Unlike `filter()`, `select()` picks columns of a tibble

In [None]:
select(deniro_good, movie_title, imdb_score)

In [None]:
select(deniro_good, director_name:actor_2_name)[1:10,]

Can also use `-` to eliminate columns:

In [None]:
select(deniro_good, -(director_name:actor_2_name))

Also includes convenience functions like `contains("actor")` and
`num_range("var",1:3)`

### The `arrange()` function

Orders rows in increasing order of any chosen column
* Additional columns can be provided to break ties
* `desc()` can be used to sort in decreasing order

Missing values always go at the end

In [None]:
tmp <- arrange(movies, imdb_score)

In [None]:
tmp <- arrange(movies, imdb_score, gross)

In [None]:
tmp <- arrange(movies, desc(imdb_score), desc(gross))

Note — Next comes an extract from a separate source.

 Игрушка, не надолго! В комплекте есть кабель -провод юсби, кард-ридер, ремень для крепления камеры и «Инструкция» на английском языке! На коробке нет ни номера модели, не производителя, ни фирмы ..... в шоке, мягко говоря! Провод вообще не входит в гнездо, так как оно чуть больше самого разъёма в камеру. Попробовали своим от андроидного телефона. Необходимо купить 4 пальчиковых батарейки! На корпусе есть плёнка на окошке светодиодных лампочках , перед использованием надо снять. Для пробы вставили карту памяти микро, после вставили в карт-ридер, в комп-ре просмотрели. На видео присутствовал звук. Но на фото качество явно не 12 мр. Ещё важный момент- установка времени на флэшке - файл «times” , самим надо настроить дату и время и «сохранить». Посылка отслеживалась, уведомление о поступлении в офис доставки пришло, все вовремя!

### The `mutate()` function

Creates new columns at the end of current data.frame

In [None]:
movies %>% 
     select(movie_title, imdb_score, gross, budget) %>%
     mutate(succ = gross/budget) %>%
     arrange((succ)) %>% .[1:20,]

Why are some movies making such horrific losses?

`mutate` can refer to functions just created



In [None]:
movies %>% 
  select(movie_title, imdb_score, gross, budget) %>%
  mutate(succ = gross-budget, perc= 100*succ/budget) %>%
  distinct %>% arrange(desc(succ))

`distinct()` is a useful function to remove repeated rows
+ can provide column names as arguments for partial repetitions

`transmute()` is useful if we only care about the new column

###  `summarise()` and `group_by()`

Summarise collapses a dataframe to a single row:

In [None]:
summarise(movies, score = mean(imdb_score))

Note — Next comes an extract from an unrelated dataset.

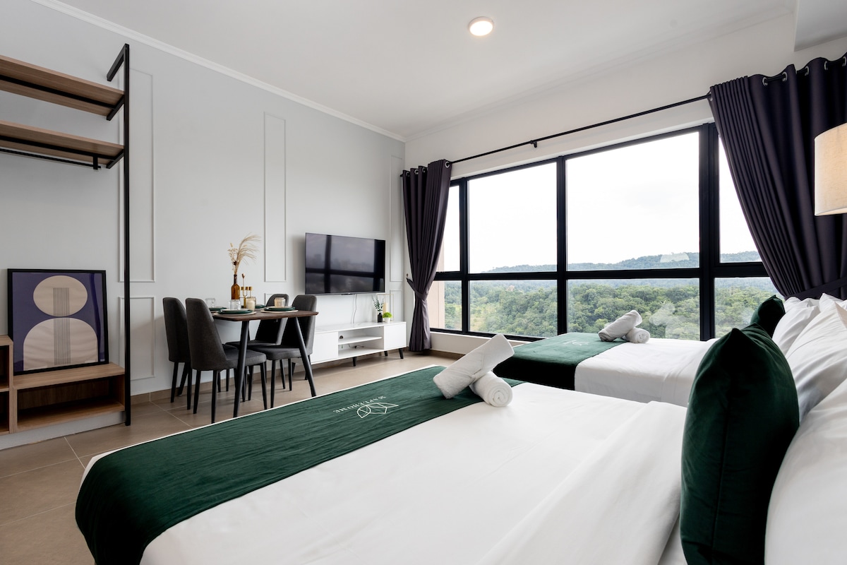 Have fun with the whole family as this place gives direct walking access via “sunway canopy walk” to Sunway Lagoon Theme Park, Sunway Pyramid mall, Sunway Medical Hospital and Sunway Uni. The place has natural dark wood floors, equipped with a UHD flat screen TV and Netflix channel. You will be blown away with the Sunway Resort view that is definitely an instaworthy, lending itself to being photographed and posted on your social media!
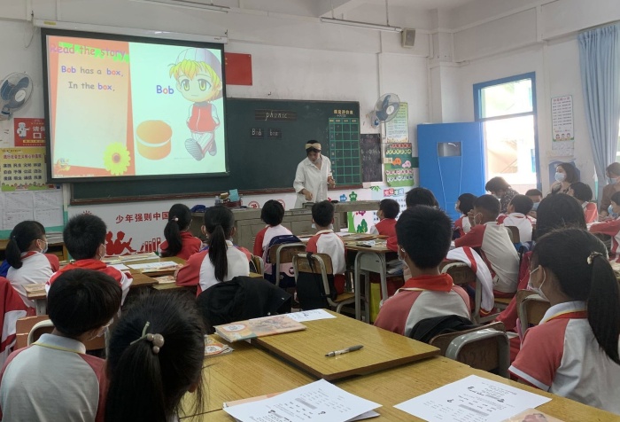 教務(wù)主任楊雨展示了三年級元音字母[?]發(fā)音的語音拓展課。鑒于三年級的學(xué)生活潑好動,模仿意識強,楊主任在課前利用字母操讓學(xué)生重溫了26個字母的發(fā)音。通過Bob和Tod這兩個孩子的小故事以舊引新,通過模仿聆聽、觀察感悟、實踐運用,開展字母O的語音教學(xué)。學(xué)生們在小組內(nèi)進(jìn)行發(fā)音練習(xí),在合作中提升自我。

Becomes very powerful in conjunction with `group_by()`

In [None]:
top_dir <- movies %>% group_by(director_name) %>% 
        summarise(score = mean(imdb_score)) %>% 
        arrange(desc(score)) 
top_dir[1:15,]

`n()` is a convenient function to get number of elements

In [None]:
top_dir <- movies %>% group_by(director_name) %>% 
        summarise(count=n(), score = mean(imdb_score)) %>% 
        arrange(desc(score)) %>% 
        filter(count>=5)
top_dir

In [None]:
yr_scr <- movies %>% group_by(title_year) %>% 
         summarise(count=n(), score = median(imdb_score), 
                              ymin = quantile(imdb_score,.1),
                              ymax=quantile(imdb_score,.9)) %>% 
         arrange(score) %>% filter(count>=5)

In [None]:
ggplot(yr_scr , aes(x=title_year, y = score)) + 
    geom_line() + 
    geom_errorbar(aes(ymin=ymin,ymax=ymax))

Can have nested groupings (can revert with `ungroup()`)

In [None]:
act_dir<-movies %>% group_by(actor_1_name,director_name) %>% 
        distinct(movie_title, .keep_all = T) %>%
        summarise(num = n(), scr = mean(imdb_score), 
                  ttl = paste(movie_title, collapse=";")) %>% 
        arrange(desc(scr)) %>% filter(num>2) %>% 
        select(actor_1_name,director_name,num, scr,ttl) 
act_dir[1:20,] 

Let's try something more complicated:
+  Can we analyse scores/earnings across genres?

Things are actually a bit more complicated:

In [None]:
levels(movies$genres)

In [None]:
gnr_type <- as.character(levels(movies_orig$genres)) %>% strsplit('\\|') %>%
   unlist %>% unique
gnr_type

In [None]:
movies[,gnr_type] <- F
movies$genres <- as.character(movies$genres)
movies[29:54]

In [None]:
for(ii in 1:nrow(movies)) { # Will look at better approaches
  movies[ii,gnr_type] <- 
   gnr_type %in% strsplit(movies$genres[ii],"\\|")[[1]]
}

colnames(movies)[38] <- "Sci_fi"
colnames(movies)[54] <- "Game_Show"
colnames(movies)[53] <- "Film_Noir"
colnames(movies)[51] <- "Reality_TV"
gnr_type <- colnames(movies)[29:54]

In [None]:
rslt <- lm(paste("imdb_score ~", (paste(gnr_type,collapse = '+'))), movies)
rslt

In [None]:
movies$ntile <- ntile(movies$imdb_score,10)

In [None]:
gnr_frac <- movies %>% group_by(ntile) %>% select(Action:Game_Show)%>% summarise_each(funs(mean))
gnr_frac

In [None]:
library('RColorBrewer')
gnr_frac %>% mutate_each(funs(./sum(.)),Action:Game_Show) %>% gather('Genre','Count',Action:Game_Show) %>% ggplot() + 
  geom_line(aes(x=ntile,y=Count,color=Genre,linetype=Genre),size=1) + 
  scale_linetype_manual(values = c(rep("solid", 12), rep("dashed", 11),rep("twodash",3))) +
  scale_color_manual(values = c(brewer.pal(12, "Set3"), brewer.pal(11, "Set3"),
                                brewer.pal(3,"Set3"))) + 
  scale_y_log10()